Ailleurs : Musée du Louvre-Lens, ambassadeur de luxe d’une région, invitation démocratique aux arts et à la culture


Depuis son inauguration le 4 décembre 2012, jour de la Sainte Barbe, patronne des mineurs, le Louvre-Lens suscite un véritable engouement auprès du public. Les nombreuses actions de médiation culturelle menées lui confèrent un statut à part dans la région. Musée pour tous, la nouvelle institution multiplie les initiatives afin d’attirer un public de non-initiés. Visites adaptées, ateliers hétéroclites, animations ciblées, les enfants sont le cœur de cible avec des propositions dès neuf mois et un parcours découverte conçu spécialement pour les plus petits. Des modules de formation ludiques ont été développés pour les grands-parents afin qu’ils puissent devenir les guides de leurs petits-enfants. Le Louvre-Lens, en grande partie financé par la région, assume son autonomie.

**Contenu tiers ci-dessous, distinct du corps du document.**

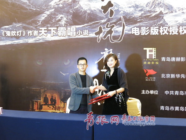 ????青島日?qǐng)?bào)/青報(bào)網(wǎng)訊 12月30日,中國(guó)最具想象力的著名冒險(xiǎn)小說(shuō)家——天下霸唱的《天坑·鷹獵》電影版權(quán)授權(quán)簽 約儀式在青島西海岸新區(qū)舉行,新區(qū)首家本土民營(yíng)資本影視公司——唐赫影視將據(jù)此拍攝一部集動(dòng)作、懸疑 、驚悚等多種元素于一體3D大片。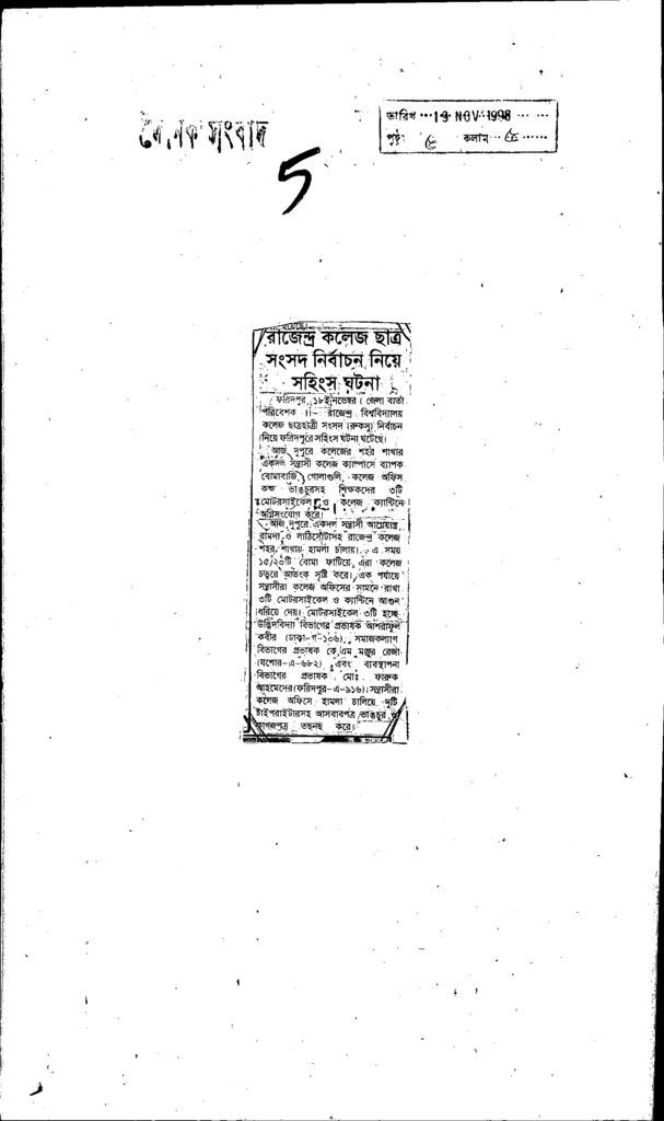 রাজেন্দ্র কলেজ ছাত্র সংসদ নির্বাচন নিয়ে Published on Newspaper দৈনিক সংবাদ Category Student Politics Download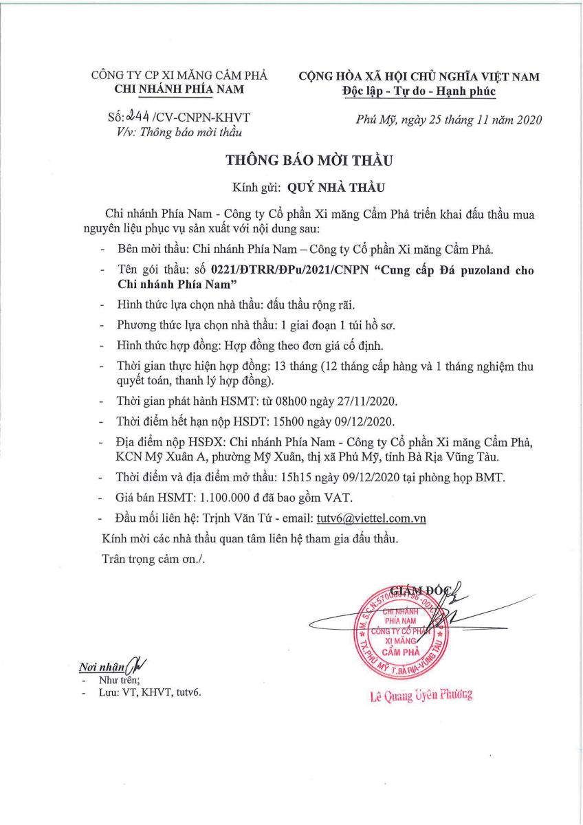 Thông báo mời tham gia đề xuất cung cấp đá puzoland cho Chi nhánh Phía Nam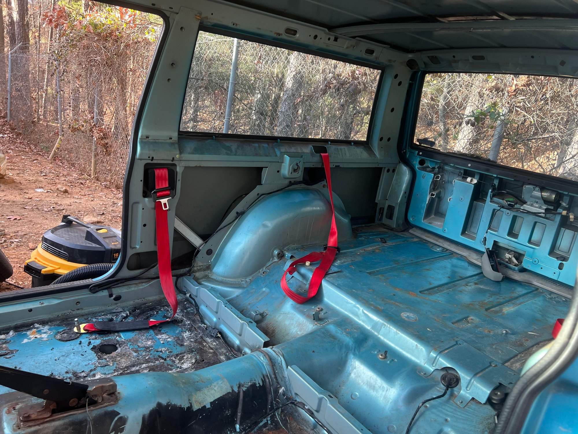 I took a better look at my floor pan on the drivers side and, well, I’ll be better off replacing the entire floor pan. If you wiz wheel the paint off, there’s rust all on my floor pan. I’ll just put new pans in and then put the brackets for the 94 and earlier seats and not have to worry about much
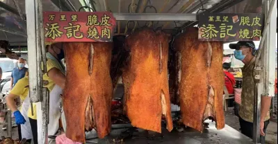 怡保一檔以車當店:古早味「脆皮燒豬」,每天兩個半小時賣八隻全豬,人潮一批又一批,老闆都來不及砍 .......顧客反應好吃,好吃還是好吃。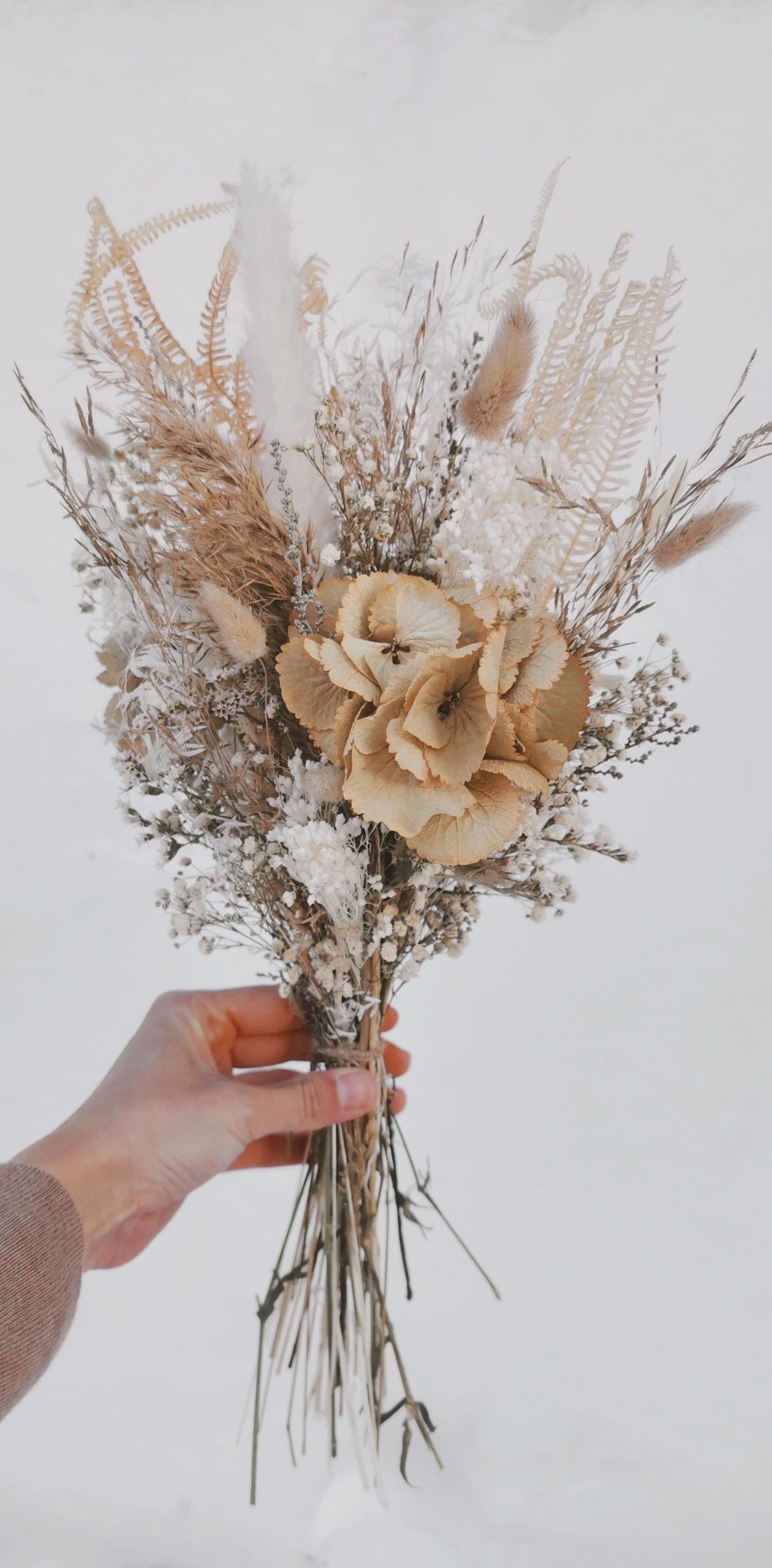 Ramito en tonos neutros, muy elegante pero a la vez sencillo. Colores que transmiten calma y tranquilidad. Si tienes pensado este ramito como regalo para alguien especial, seguro que le encantará.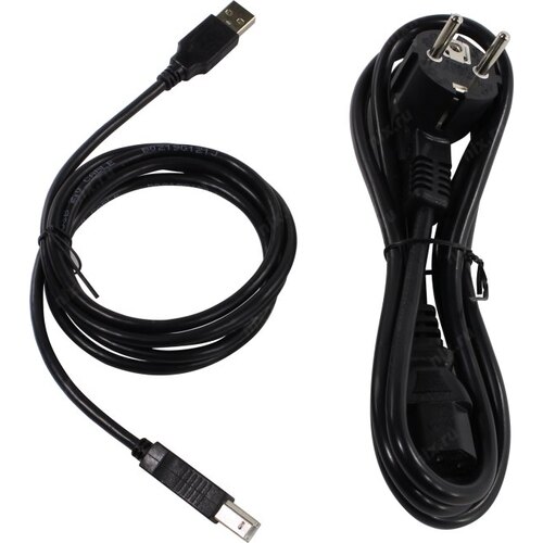 Диск с ПО, кабель USB, кабель питания, пробный картридж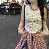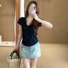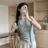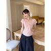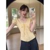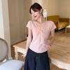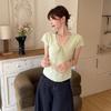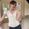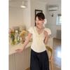 Shanli Dadi Estilo Coreano Estilo Suave Encaje Empalmado Tirantes Camiseta de Manga Corta Verano Nuevo Estilo Versátil

Sorte d’aile délocalisée du musée parisien, sans collections propres, il est néanmoins porté par le lien consubstantiel qui le noue à son aîné et dont il propose de renouveler l’expérience grâce à une capacité d’innovation, d’expérimentation inédite. Fruit d’un processus initié en 2004, cette antenne en région du Louvre incarne le renouveau d’un territoire durement frappé par la crise d’une industrie appartenant désormais à l’histoire. Le Louvre-Lens remplit pleinement sa mission de démocratisation de l’art et de la culture tout en redynamisant socialement et économiquement le territoire grâce à ses engagements auprès des populations locales. Deuxième musée le plus visité en région après le musée des Confluences à Lyon, il est fréquenté en moyenne par un demi-million de visiteurs par an. L’institution est devenue un pôle d’attraction incontournable. 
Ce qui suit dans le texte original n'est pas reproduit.